US knew communists were framed for 1965 Indonesian ‘coup’
Washington was well-informed of the 1965-66 slaughter of Indonesian communists and sympathisers.
Declassified diplomatic cables have revealed Washington was well-informed of the 1965-66 slaughter of 500,000 Indonesian communists and sympathisers.
The cables show Washingon knew the military’s rationale for the crackdown — an attempted Beijing-backed, communist coup — was “manufactured to serve the propaganda needs of the time”.
The chilling documents chart the aftermath of an attempted purge of generals by a group of junior officers backed by a handful of Indonesian Communist Party (PKI) leaders.
The crackdown that followed the alleged coup saw the killings between October 1965 and March 1966 of an estimated half a million PKI leaders, cadre and suspected supporters, and the jailing of one million more.
The files from the US embassy in Jakarta covering 1963-66 were released this week after a declassification review that began under the Obama administration.
The operation conducted with the support of Indonesian Muslim groups at the height of the Cold War — and the backing of western governments seeking to stem communist expansion — saw the removal of president Sukarno and the rise of general Suharto who ruled Indonesia for 32 years.
While Washington remained largely silent over the massacre the 39 documents reveal the US embassy had a clear understanding of what was happening and who was responsible.
Cables sent from the embassy in late 1965 describe reports of “PKI being slaughtered”, of groups of prisoners being “delivered” nightly to civilian kill squads, of indiscriminate killings and Muslim youth groups targeting Chinese civilians.
One cites a “Reliable Australian journalist”, the first to reach central Java which was the scene of some of the worst massacres, saying PKI cadres he spoke to knew nothing of the September 30 coup — indicating US officials were aware communists arrested or killed were innocent.
A December report noted at least 100,000 people had been killed in the army-organised campaign.

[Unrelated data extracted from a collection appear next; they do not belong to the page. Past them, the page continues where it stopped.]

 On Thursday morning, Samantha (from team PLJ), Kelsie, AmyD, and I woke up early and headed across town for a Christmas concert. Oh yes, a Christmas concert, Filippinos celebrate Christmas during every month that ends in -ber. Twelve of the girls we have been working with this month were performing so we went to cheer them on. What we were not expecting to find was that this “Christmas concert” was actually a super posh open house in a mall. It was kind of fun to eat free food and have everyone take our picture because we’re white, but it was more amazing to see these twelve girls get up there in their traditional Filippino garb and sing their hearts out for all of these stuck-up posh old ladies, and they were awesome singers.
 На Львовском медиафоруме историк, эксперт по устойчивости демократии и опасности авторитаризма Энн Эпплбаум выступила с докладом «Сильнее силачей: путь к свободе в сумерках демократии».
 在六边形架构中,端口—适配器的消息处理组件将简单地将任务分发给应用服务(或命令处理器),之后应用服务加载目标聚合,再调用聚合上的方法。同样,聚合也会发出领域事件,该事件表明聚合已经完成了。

Another, dated December 17, 1965, from US first secretary Mary Vance Trent included a list of PKI leadership bodies as well as a “fragmentary compilation of the present whereabouts of PKI leaders” — adding weight to claims US officials provided the Indonesian military with target lists.

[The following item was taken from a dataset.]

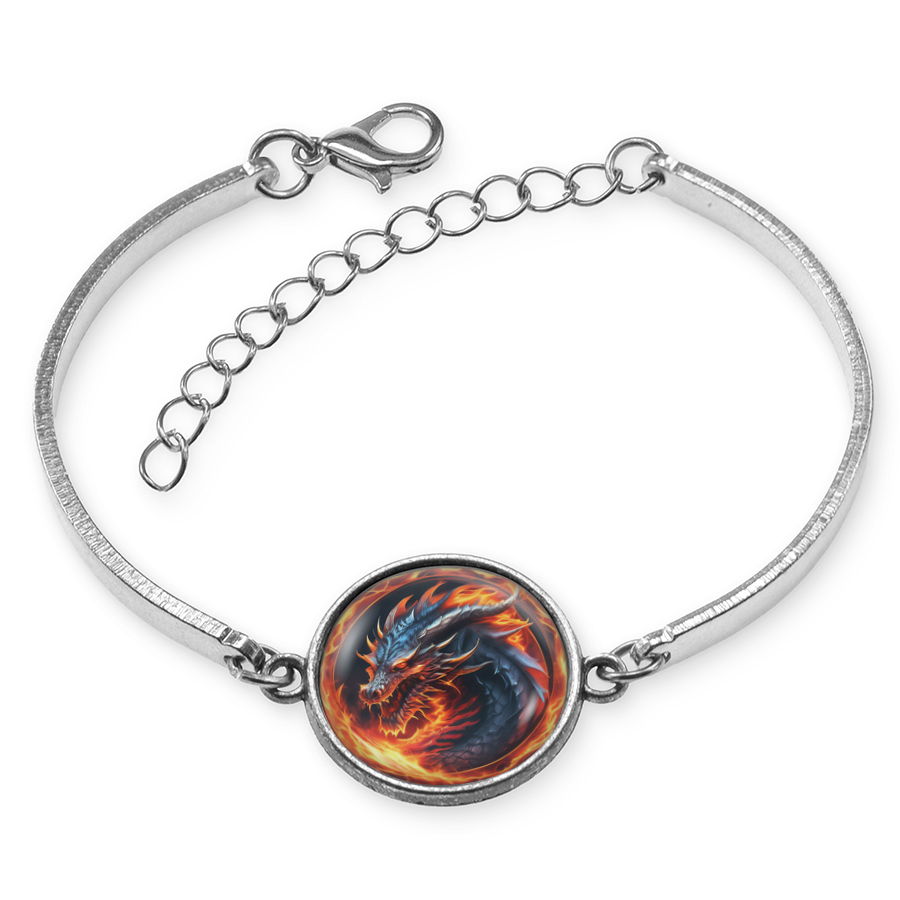 Браслет из бижутерного сплава с регулируемой по длине застёжкой. Изображение диаметром 20 мм прикрыто выпуклой стеклянной линзой. Товар упакован в прозрачный пакет. Без описания.

Melbourne University Indonesian law professor Tim Lindsey said yesterday the release confirmed scholars’ belief the US embassy was aware of what was going on, and dealing closely with Indonesian government forces working against the left at the time.
“There is no doubt the embassy and US had been in contact with anti-Communist elements in government … and probably did supply intelligence,” he said.
One cable from the embassy’s then political affairs officer linked Suharto with the mass killings of PKI supporters by Indonesia’s biggest mainstream Muslim organisations, Nahdlatul Ulama, its youth wing Ansor, and Muhammadiyah. It also discussed how those groups were solving the “problem” of how to house and feed prisoners “by executing their PKI prisoners, or killing them before they are captured”.
The mass killings remain a taboo subject in Indonesia where the military has recently attempted to stoke baseless fears of a communist revival.
But Nadhlatul Ulama general secretary Yahya Staquf Cholil said yesterday he believed Indonesians were “ready to see the truth”.
“Whatever mistakes people made at the time, including those from NU and Ansor, we have to admit it, and then apologise properly,” he said.
Foreign ministry spokesman Arrmanatha Nasir said “every country has its own dark history, including Indonesia” but the country was forging ahead with national reconciliation efforts.
A symposium last year on 1965-66 sparked a backlash, and last month President Joko Widodo vowed to “crush” any attempt to revive communism.
Survivor Bejo Untung said the cables were “a good step in the right direction to uncover the truth about 1965”. “The question now is how committed is Jokowi’s government towards this cause?” Mr Bejo said. “Is Jokowi brave enough to disclose Indonesia’s own documents on 1965?”